- Citizenship: American
- Education: Wellesley College; Westminster Theological Seminary;
- Occupation(s): Biblical scholar, author

= Susan Foh =

American biblical scholar

Susan T. Foh is an American biblical scholar who studied at Wellesley College and Westminster Theological Seminary. She is the author of "Women and the Word of God: A Response to Biblical Feminism" (1978). Foh is best known for her 1975 article, "What Is the Woman's Desire?", in which she argues that the "desire" mentioned in Genesis 3:16 is actually a desire to dominate.

==Biography==
Foh studied at Wellesley College and Westminster Theological Seminary. She is the author of Women and the Word of God: A Response to Biblical Feminism (1978).

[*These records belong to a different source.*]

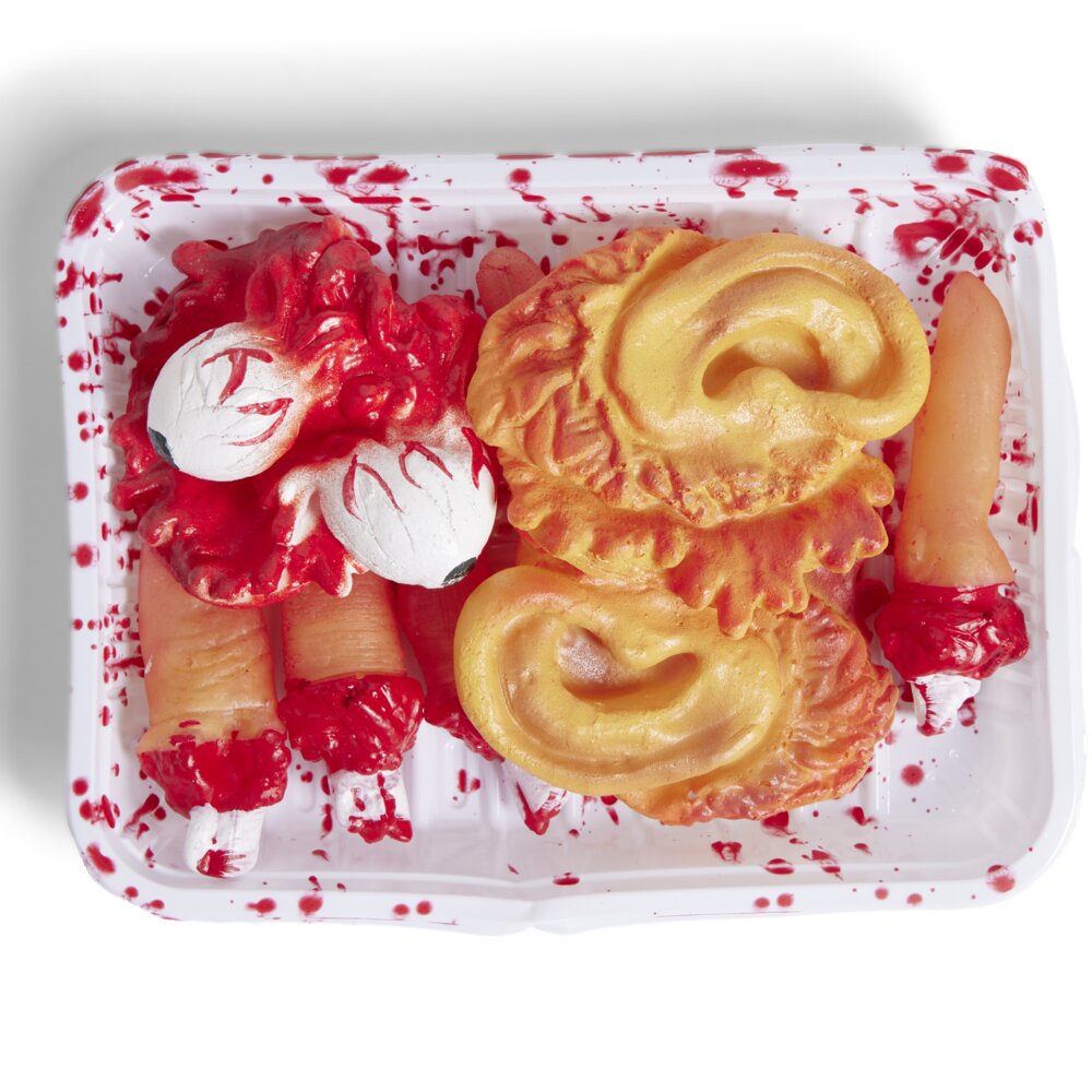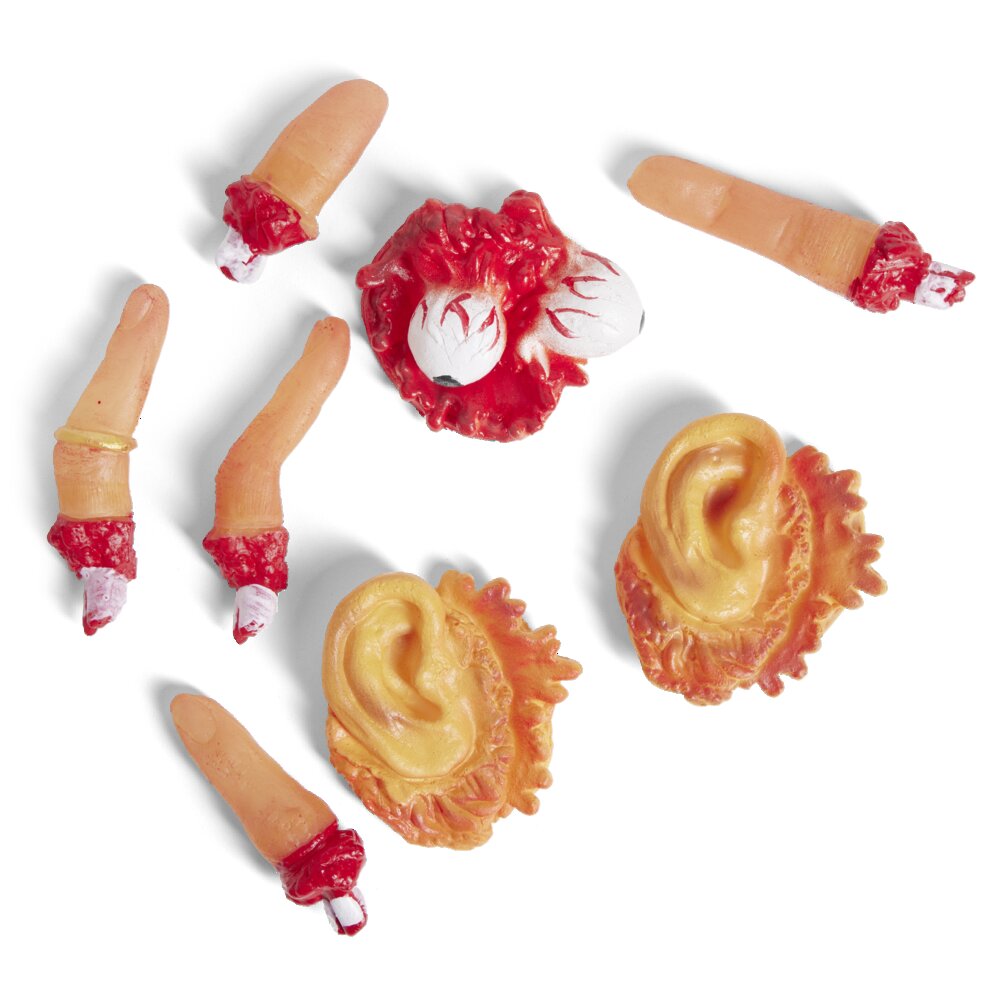 Ky set gjymtyrësh dhe organesh të rreme (vesh, sy, gisht) është ideal për t'i shtuar një prekje makabre dekorimit tuaj të Halloween-it.
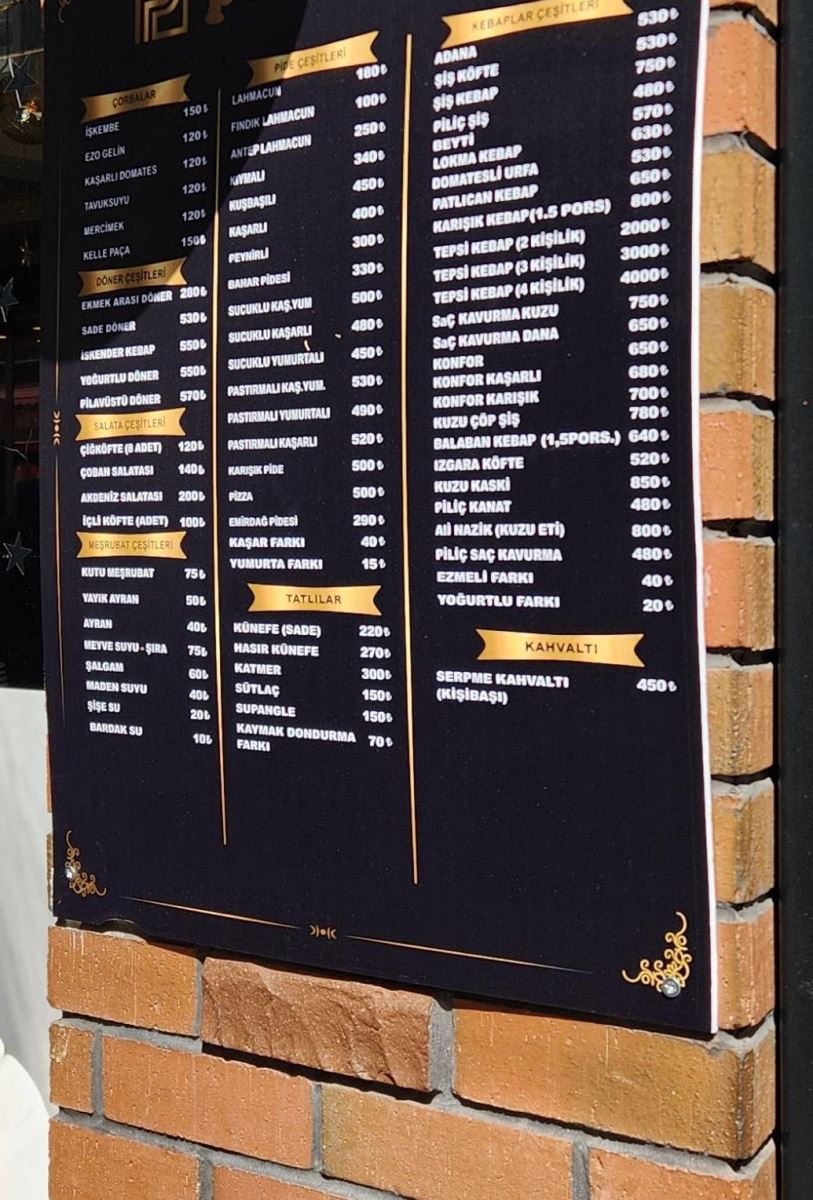 Restoran menülerinde Adana kebap ve Urfa kebap 530 TL’den satılırken, patlıcan kebap 650 TL, balaban kebap yaklaşık 640 TL seviyesine çıktı. Kuzu etinden yapılan Ali Nazik kebap ise 800 TL’ye kadar yükseldi.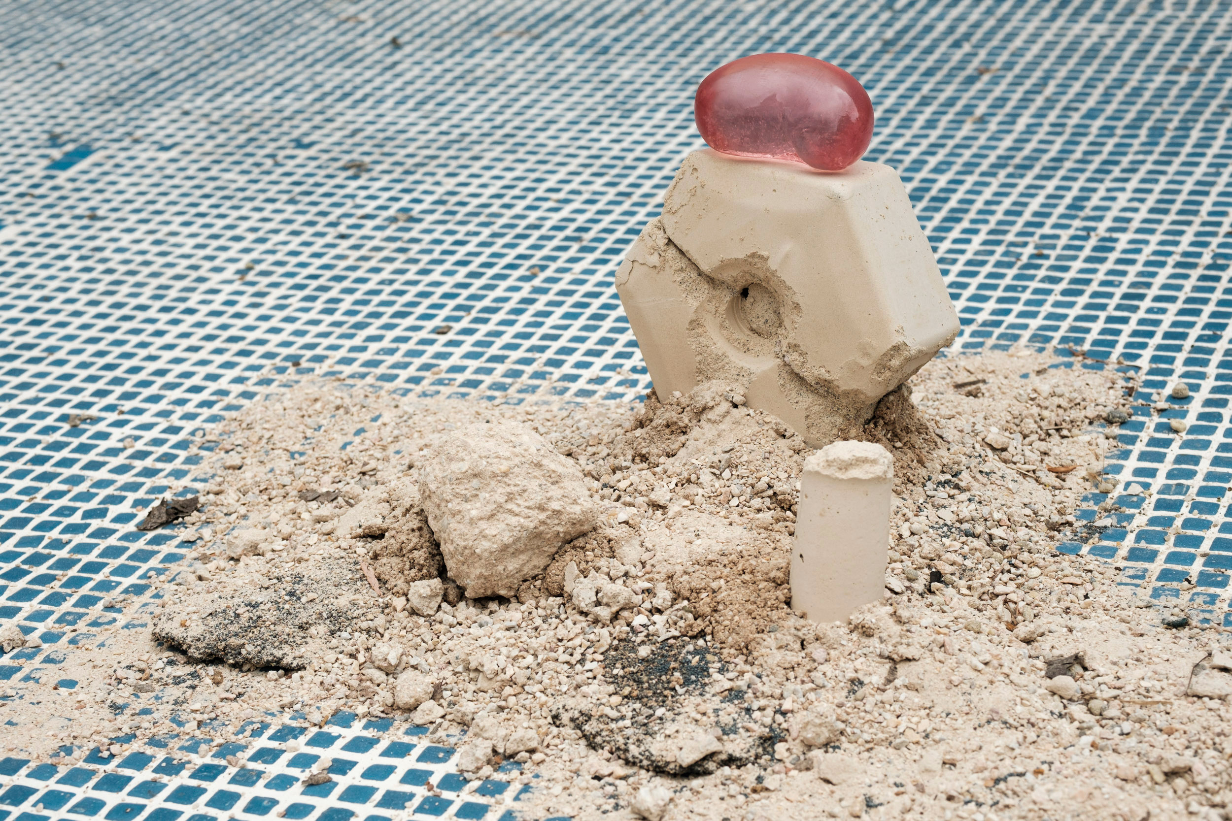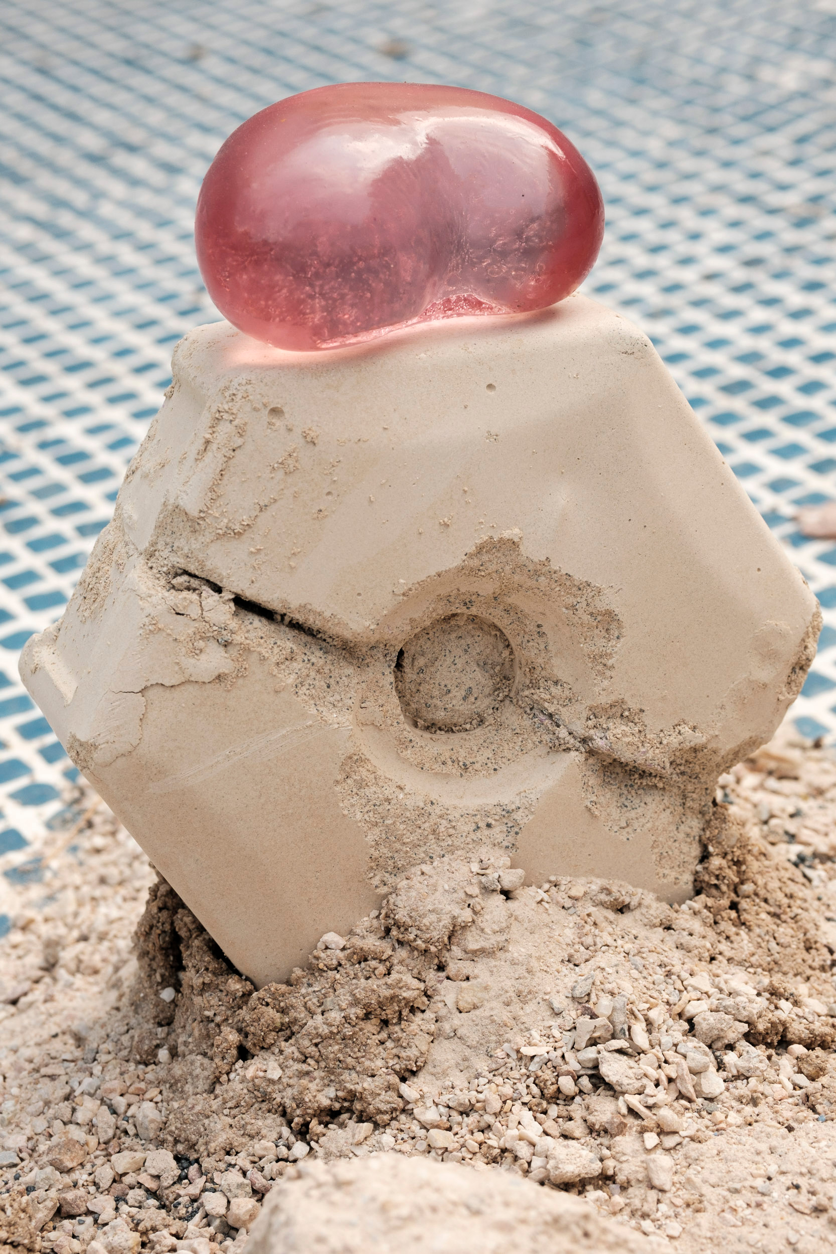 Untitled 2, 2021. Accompanied by Pınar Marul. Sand, industrial dust, silicone epoxy, 35 x 20 x 11 cm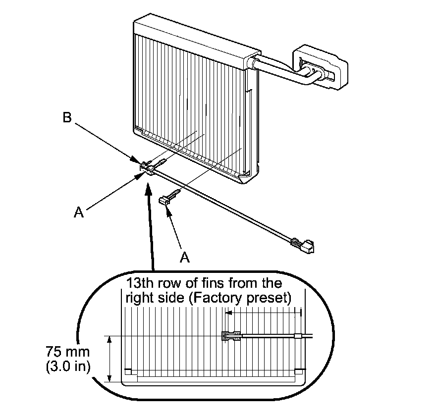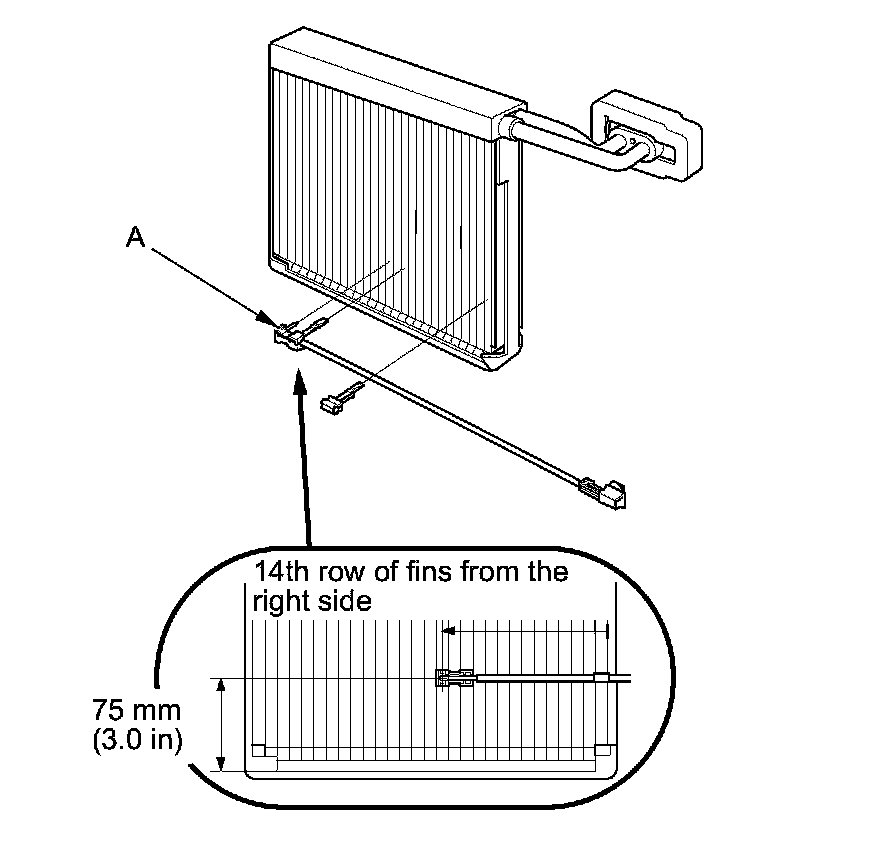 9. When the evaporator temperature sensor (A) is reinstalled onto a new evaporator core, set the evaporator temperature sensor in the 13th fin from the right side.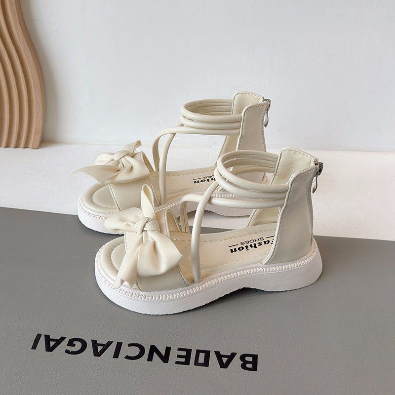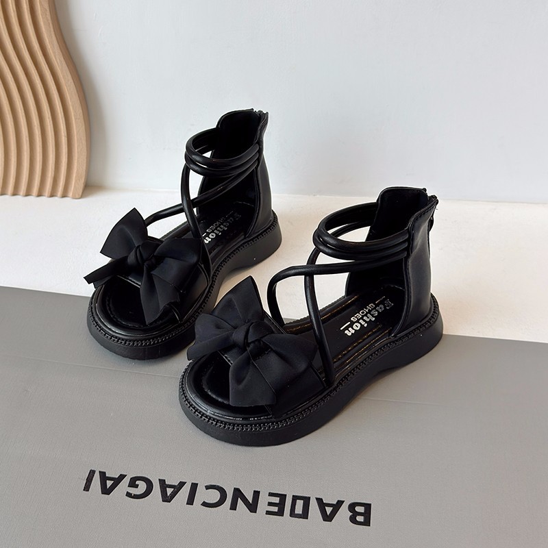 소녀 로마 신발 2025 여름 새로운 어린 소녀의 활 부드러운 단독 샌들 중대형 어린이 오픈 발가락 비치 슈즈 트렌디스토어 가기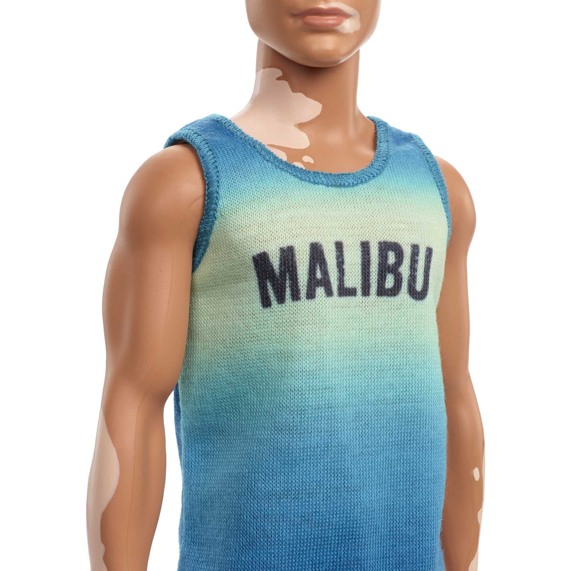 -Ken doll has an original body shape with vitiligo and sports a blue ombre Malibu tank paired with red shorts for a beachy vibe.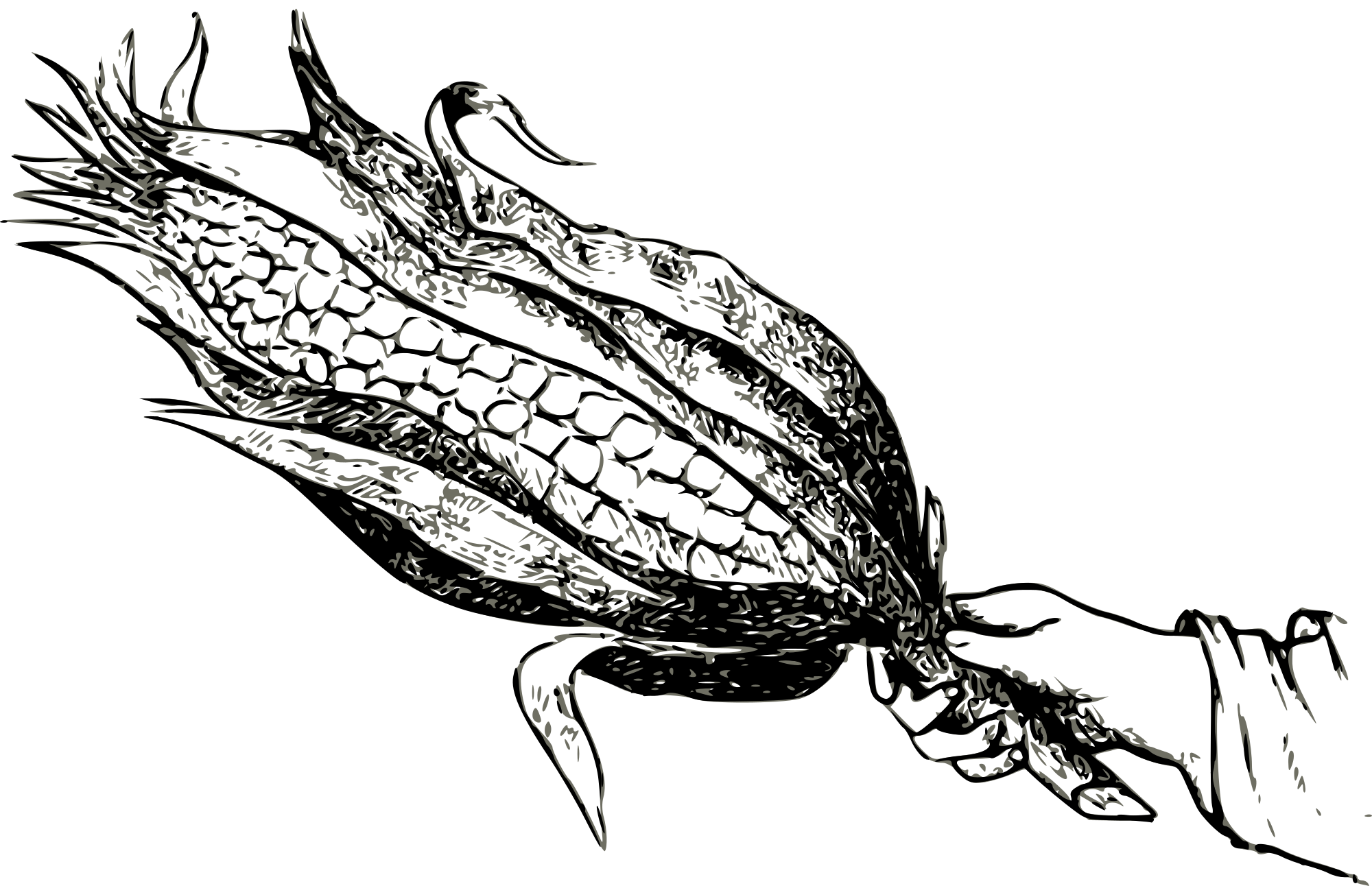 a hand holding a big ear of corn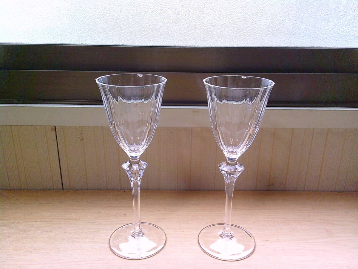 > ■ く-690 クリスタル グラス 2個 未使用 ダマンティス ペアワイングラス クリスタルダルク ※最大)高20.5 口径7 底径6.7cm 総重量650g

Foh is best known for her 1975 article, "What Is the Woman's Desire?". In it she argues that the "desire" mentioned in Genesis 3:16 is actually a desire to dominate. Foh's interpretation has been very influential, especially among complementarians. It is found in some modern Bible translations such as the New Living Translation, which renders the last part of the verse as "And you will desire to control your husband, but he will rule over you."

Daymon Johnson considers Foh as one of four "Reformed neo-traditionalist" women (along with Edith Schaeffer, Elisabeth Elliot, and Mary Pride) who have made a significant contribution to American fundamentalism.